= Basket Island =

Island in Cumberland, Maine, United States

Basket Island is an uninhabited Casco Bay island that is part of the town of Cumberland, Maine. Basket Island was among a number of Casco Bay islands owned by Arctic explorer Robert Peary, and is maintained today as a nature preserve that is open to the public for daytrips.

==Geography, topography and ecology==
Basket Island is located off the southern tip of Cousins Island and west of Great Chebeague Island.

Basket Island totals 10 acres of land, with a sand beach and three shale beaches.

The island's trees include American beech, balsam fir, oak, paper birch, red maple, red spruce and trembling aspen. Other fauna including alternate-leaf dogwood, bayberry, beach rose, milkwood, poison ivy, raspberry, speckled alder, staghorn sumac, viburnum and witch hazel.

Basket Island is near ledges where boats have gone aground on multiple occasions, including ferries operated by Casco Bay Lines.

==History==
In 1733, residents of North Yarmouth voted to give ownership of Basket Island and Bustins Island to John Powell, one of several members of a Boston committee that had overseen the resettlement of North Yarmouth after hostilities with the Abenaki peoples resulted in the loss of land records.

Robert Peary purchased Basket Island in 1907 from the estate of a prior owner in Portland, Maine, and gave the island to his wife Josephine. It was one of at least 16 Casco Bay islands acquired by Peary, including Eagle Island off Harpswell Neck where the Peary family lived.
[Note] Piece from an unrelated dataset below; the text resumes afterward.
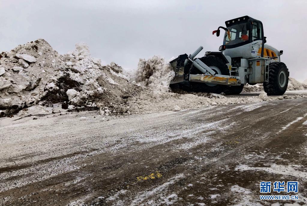 在國道109線K3378路段,安多公路養(yǎng)護段投入大型機械清除冰雪(2019年2月16日攝)。新華社發(fā)(邊巴央吉 攝)

Ownership of Basket Island passed to Robert E. Peary Jr., who in 1958 deeded the island to Elisabeth Brown Dessau. Dessau donated the island in 1967 to the Nature Conservancy. In 1992, ownership of Basket Island passed to the Chebeague & Cumberland Land Trust, which has maintained it since as a nature preserve. Island artifacts include a foundation, remnants of a stone pier, and a concrete base for a World War II-era signal apparatus.
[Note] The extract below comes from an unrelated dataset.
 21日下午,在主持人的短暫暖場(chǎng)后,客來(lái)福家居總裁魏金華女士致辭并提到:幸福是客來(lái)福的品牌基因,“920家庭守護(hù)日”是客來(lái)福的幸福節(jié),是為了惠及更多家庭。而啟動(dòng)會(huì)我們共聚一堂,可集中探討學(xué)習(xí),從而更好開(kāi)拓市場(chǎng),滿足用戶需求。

In a statute authorizing the 2007 secession of Chebeague Island from Cumberland to form an independent municipality, the Maine State Legislature included Basket Island and nearby Sturdivant Island as staying under the municipal jurisdiction of Cumberland.

Multiple aquaculture businesses have established shellfish or sugar kelp cultivation operations in the immediate vicinity of Basket Island.